ABOUT THIS EXERCISE → Take the line containing "學(xué)生們體驗農(nóng)趣。" and each line after it through the end of the data below, and return them exactly, minus any pictures.

|---|

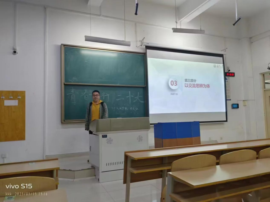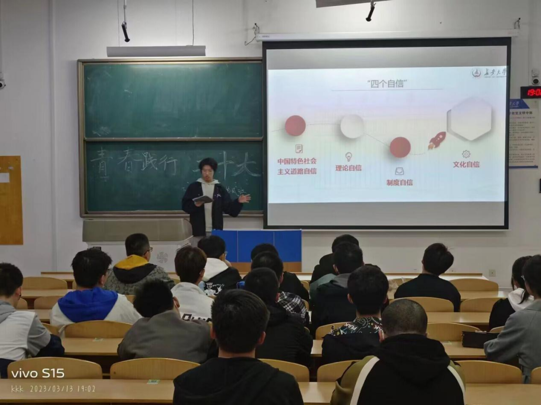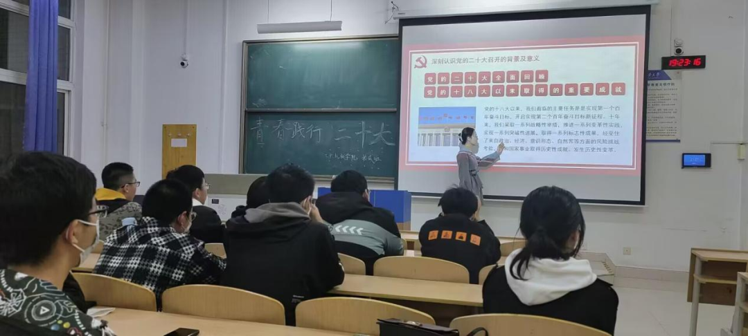 首先,班长黄磊带领大家回顾了党的二十大报告的主要内容,并对党的二十大精神做出系统化的总结,使同学们深刻领悟到党的二十大精神,以及党的百年奋斗路程和取得的一系列成果。会上,班长通过两段短视频向同学们展示了平凡人也可以为祖国的繁荣昌盛贡献力量,发人深思。
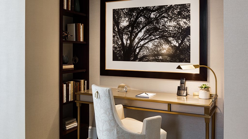 Offering 450 square feet of living space and a king bed, the deluxe accessible room features a wheelchair accessible entrance, sitting area and writing desk. Styled with waterworks fixtures, the bathroom has handlebars for toilet and a transfer shower with seat and handlebars. Defined by a soft, distinctive color palette and clean lines, this beautifully conceived room is appointed with custom furnishings featuring contemporary silhouettes and handsome metallic accents. Rich mahogany millwork, gorgeous damask wallcoverings and artfully curated book niches lend to the room’s timeless residential appeal. Note: the hotel’s guest corridors are equipped with audio-visual alarms and all elevators feature raised letters and braille signage. On floors 2-9, the guest room doors display raised letters and braille signage. View accessible features. At a glance size 450 ft² / 42 m² beds one king or two queens bathroom transfer shower with seat and handlebars extra bed one rollaway view city location floor 2 • wheelchair accessible door • handlebars for toilet and shower • transfer shower with seat and hand-held shower handle • wheelchair accessible sink vanity • lowered door peephole, light and air conditioning controls • visual alarms on request • visual notification devices on request • tdd phones on request
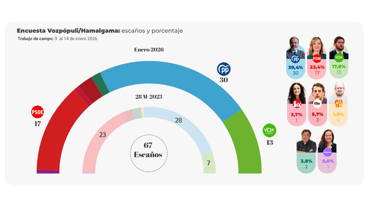 La última encuesta de Hamalgama Métrica para Vozpópuli otorga 30 escaños a Jorge Azcón, a cuatro de la absoluta, confirmando la subida a 13 diputados de Vox...
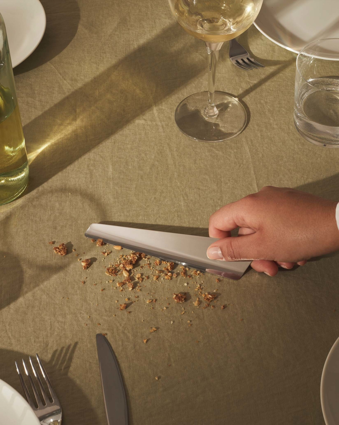 Ala Crumb Collector Alessilta on kompakti murunkerääjä, joka auttaa pitämään työtasot ja pöydät vapaina muruista ruoanlaiton, leivonnan ja kattamisen aikana, mutta erityisesti primi- ja secondi-ruokalajien välillä. Sen huolellisesti tasapainotettu muoto tekee siitä helpon ja tehokkaan käyttää yhdellä kädellä, jolloin murut ja kuiva irtoaines voidaan kerätä nopeasti ilman suuria harjoja tai rikkalapioita. Kapea aukko ja tukeva pohja helpottavat murujen ohjaamista ja varmistavat, että ne kerääntyvät ilman roiskeita. Tuote on valmistettu ruostumattomasta teräksestä ja siinä on elegantti mutta toiminnallinen muotoilu, joka tuntuu jämäkältä kädessä ja on helppo puhdistaa käytön jälkeen. Crumb Collector on tarkoitettu keittiöihin, joissa arvostetaan käytännöllisiä välineitä, jotka tehostavat työnkulkua, olipa kyse arjesta tai vaativammasta ruoanlaitosta ja leivonnasta.
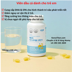 Viên dầu cá cho trẻ em chứa hàm lượng cao DHA và EPA phát triển trí não thông minh, sáng mắt và hoàn thiện hệ tim mạch, dạng viên nhai chua ngọt, không mùi tanh (700mg x 120 viên) - Atomy Kids Chewable Omega 3 - 애터미 키즈 츄어블 오메가3 - Atomy Kids Жевательные Омега-3
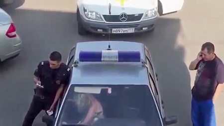 A video has shown the rather dramatic moment when a woman clad only in bikini broke a police car windscreen.
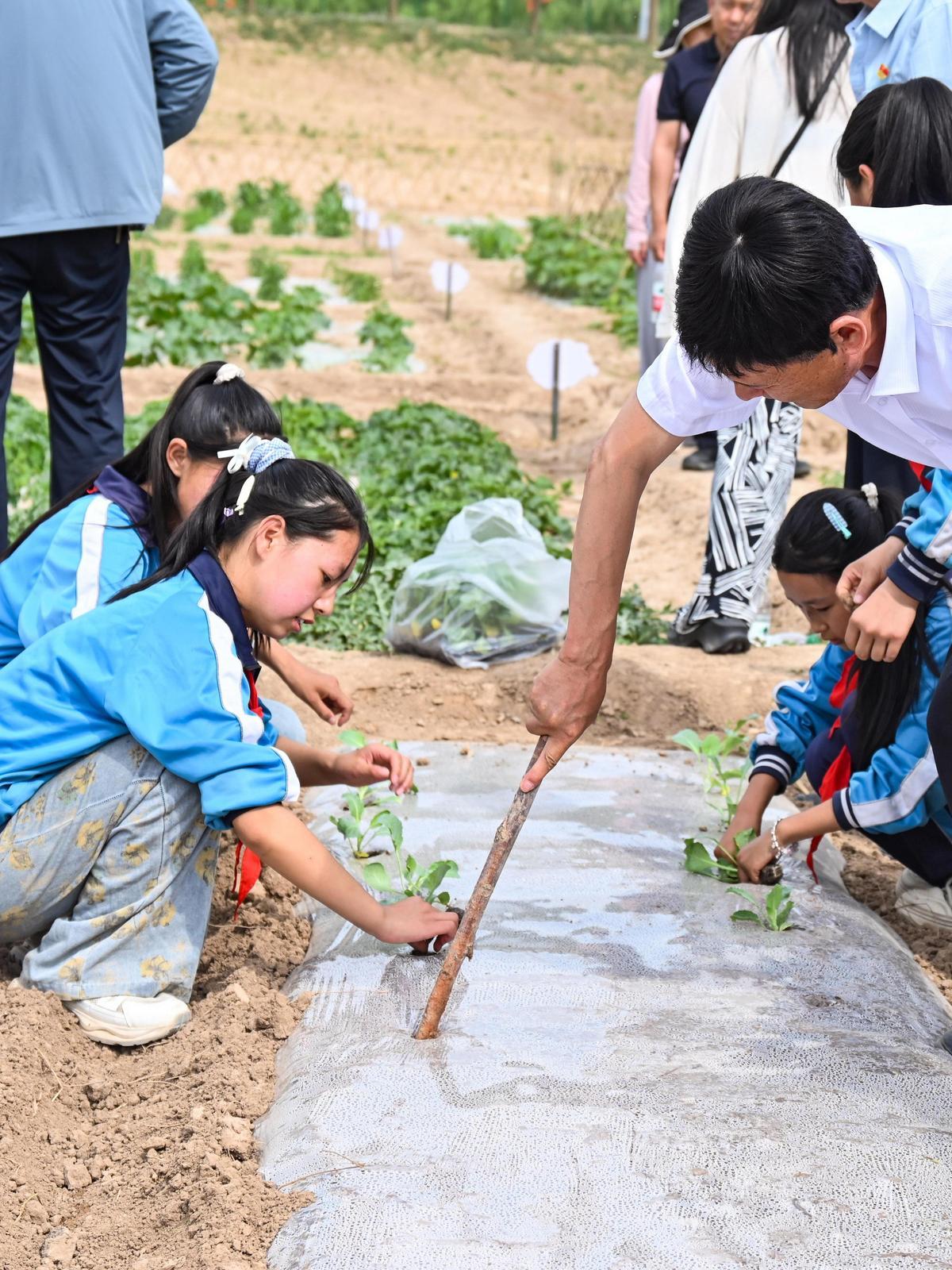 學(xué)生們體驗農(nóng)趣。
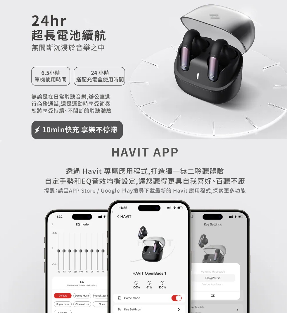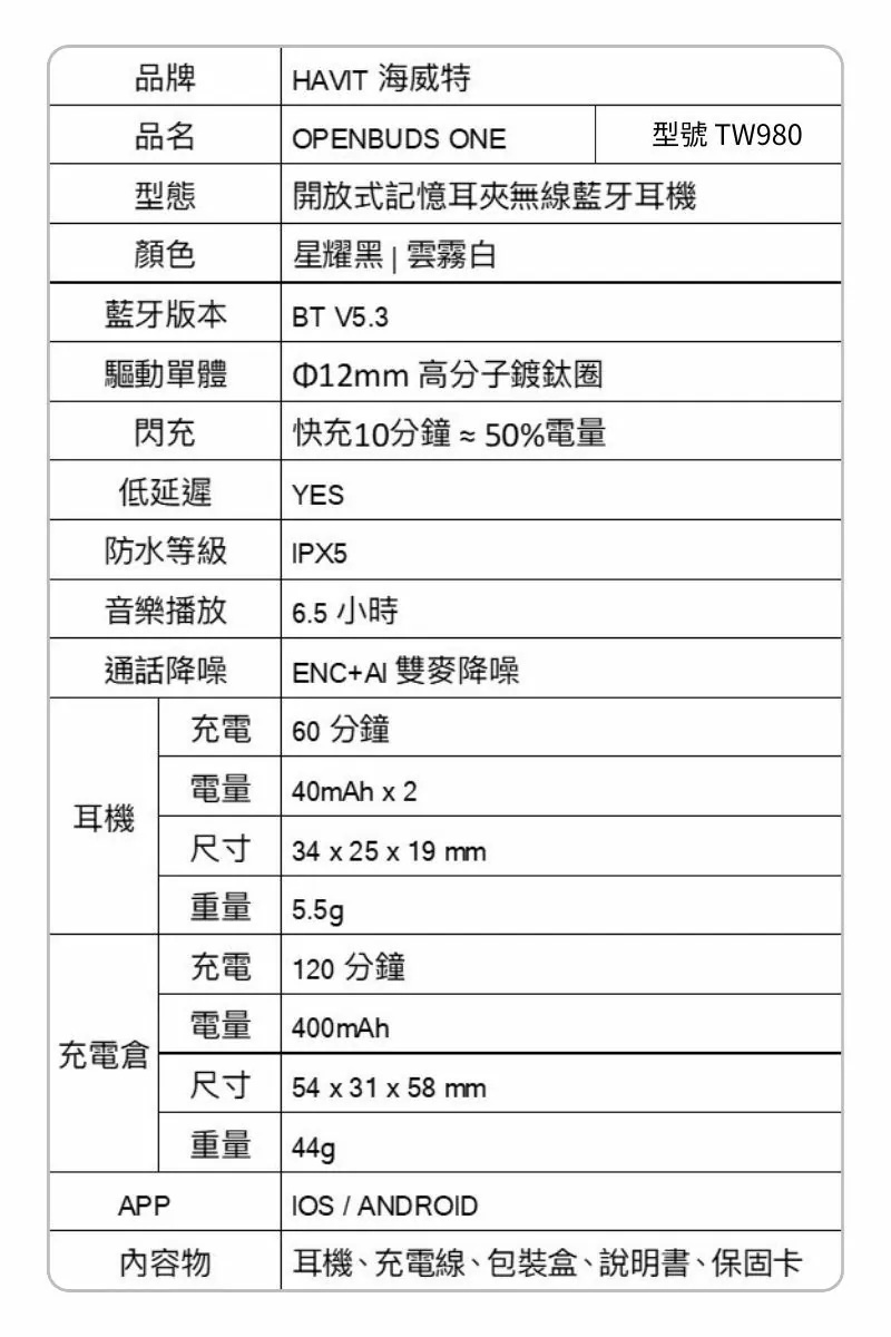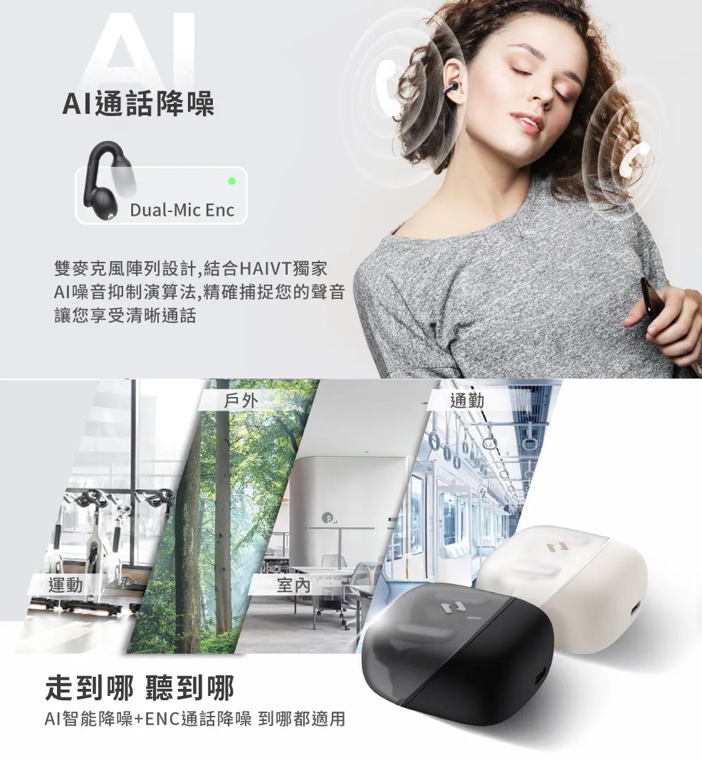 星耀黑 Havit海威特 OPENBUDS 1開放耳夾式真無線藍牙耳機
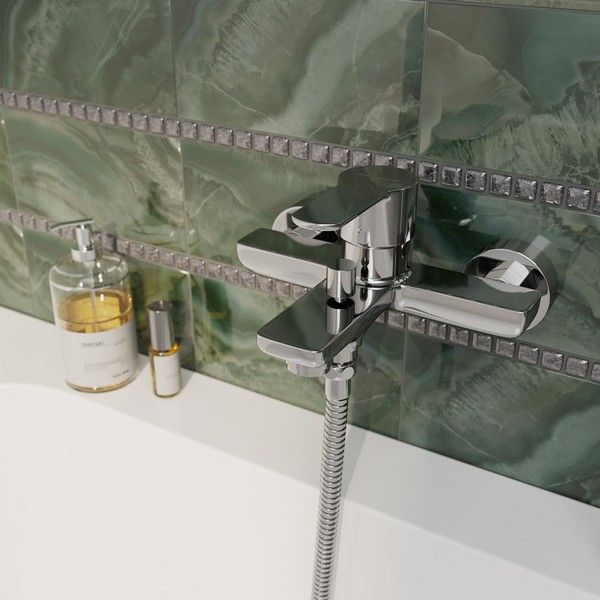 Хромированный смеситель SONATA для ванны выполнен в современном стиле и предусматривает удобное подключение гибкого душа.

|---|

RESULT OF THE TASK →
 學(xué)生們體驗農(nóng)趣。
 星耀黑 Havit海威特 OPENBUDS 1開放耳夾式真無線藍牙耳機
 Хромированный смеситель SONATA для ванны выполнен в современном стиле и предусматривает удобное подключение гибкого душа.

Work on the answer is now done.